* Work instruction
Please keep to the lines below from the one with "IDC数据显示,2023年中" through the one with "24 шт./лот История", and restate them word for word, ends included.

* Input data
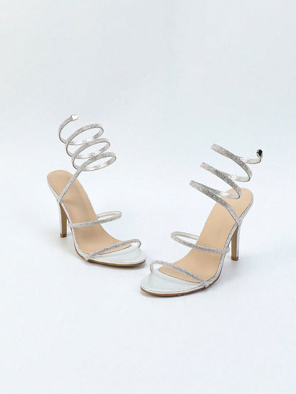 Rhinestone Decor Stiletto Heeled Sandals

* * *

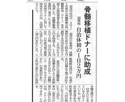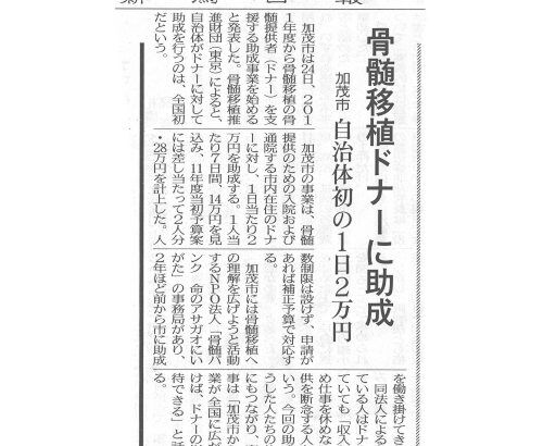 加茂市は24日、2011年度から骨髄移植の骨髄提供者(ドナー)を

---

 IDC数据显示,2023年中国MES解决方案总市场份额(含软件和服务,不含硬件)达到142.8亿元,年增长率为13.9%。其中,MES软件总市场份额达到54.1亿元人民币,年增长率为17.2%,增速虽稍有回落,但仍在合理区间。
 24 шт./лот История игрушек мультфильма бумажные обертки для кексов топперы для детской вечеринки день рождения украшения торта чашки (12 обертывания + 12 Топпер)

* Solution to the exercise
 IDC数据显示,2023年中国MES解决方案总市场份额(含软件和服务,不含硬件)达到142.8亿元,年增长率为13.9%。其中,MES软件总市场份额达到54.1亿元人民币,年增长率为17.2%,增速虽稍有回落,但仍在合理区间。
 24 шт./лот История игрушек мультфильма бумажные обертки для кексов топперы для детской вечеринки день рождения украшения торта чашки (12 обертывания + 12 Топпер)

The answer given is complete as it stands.